Urteil vom Sozialgericht Köln - S 39 SO 74/13
Tenor
Die Klage wird abgewiesen.
Außergerichtliche Kosten sind nicht zu erstatten.
1
Tatbestand:
2Der Kläger begehrt die Versorgung mit einem Automatik-KfZ im Rahmen der Eingliederungshilfe.
3Der 1962 geborene, alleinstehende Kläger ist als Schwerbehinderter mit einem Grad der Behinderung (GdB) von 100 sowie den gesundheitlichen Voraussetzungen des Merkzeichens G anerkannt. Er leidet u. a. an einer psychischen Störung sowie einem inkompletten Querschnittsyndrom mit Funktionsbeeinträchtigung der unteren Extremitäten und einer ataktischen Gangstörung. Er erhält seit August 1998 Leistungen der Grundsicherung bei Erwerbsunfähigkeit von der Beigeladenen.
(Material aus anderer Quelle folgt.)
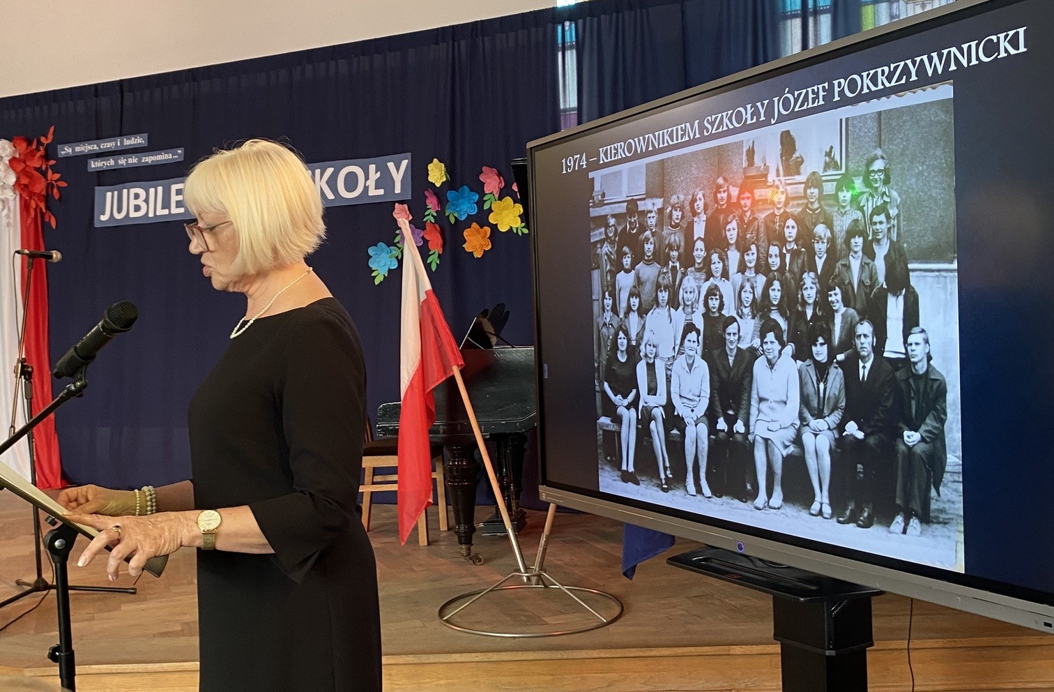 Dyrektor Modrzejewska przedstawiła historię szkoły, opowiedziała o byłych kierownikach i dyrektorach tej placówki. Dziękowała wszystkim gościom za przybycie. A ci zebrali się licznie. Obchody jubileuszu były okazją do spotkań obecnej kadry szkoły i jej uczniów, z dawnymi nauczycielami i absolwentami.

Ferner erhielt er im Jahr 2012 von der Beigeladenen eine monatliche Pflegebeihilfe i. H. v. 175,85 € für Grundpflege sowie die hauswirtschaftliche Versorgung. Am 06.10.2012 beantragte er bei der Beigeladenen eine sofortige KfZ-Beihilfe und führte zur Begründung aus, er sei seit Jahren gezwungen, seinen Heilpraktiker abzuholen und wieder nach Hause zu bringen. Einkäufe könne er nur noch mit einem PkW durchführen. Bei seinem bisherigen PkW sei ein Motortotalschaden eingetreten. Die Beigeladene leitete diesen Antrag am 08.11.2012 an den Beklagten weiter, bei welchem der Antrag am 13.11.2012 einging. Daneben stellte der Kläger unmittelbar beim Beklagten am 19.10.2012 telefonisch einen entsprechenden Antrag. Mit Bescheid vom 20.11.2012 lehnte der Beklagte den Antrag ab: Fahrten zum Arzt oder zu ärztlich verordneten Maßnahmen könnten keine Notwendigkeit der KfZ-Hilfe im Rahmen der Eingliederungshilfe begründen, da die Krankenkasse bzw. die Beigeladene im Rahmen der Hilfen zur Gesundheit die Fahrtkosten übernehme, wenn es hierfür zwingende medizinische Gründe gebe. § 8 Abs. 1 S. 2 der Eingliederungshilfe-Verordnung mache durch die Verwendung des Tatbestandsmerkmals „insbesondere zur Teilhabe am Arbeitsleben“ deutlich, dass hierin der vom Gesetz vorgesehen Schwerpunkt der Versorgung mit einem KfZ liege. Damit seien andere Gründe zwar nicht ausgeschlossen. Sie müssten aber zumindest vergleichbar gewichtig sein. Dazu gehöre auch, dass die Notwendigkeit der Benutzung des KfZ ständig, nicht nur vereinzelt und gelegentlich bestehe. Da der Kläger Hilfe zur Pflege erhalte, habe er die Möglichkeit, die Haushaltshilfe über die Beigeladene organisieren und sich Einkäufe mitbringen zu lassen. Ferner könne er im Stadtgebiet der Beigeladenen 15 mal im Quartal den Behindertenfahrdienst der Beigeladenen nutzen. Auch für andere Aktivitäten, wie den Besuch von Freunden oder kultureller Veranstaltungen seien Fahrten nicht so regelmäßig erforderlich, dass sie Fahrten zu einem Arbeitsplatz gleichgestellt werden könnten.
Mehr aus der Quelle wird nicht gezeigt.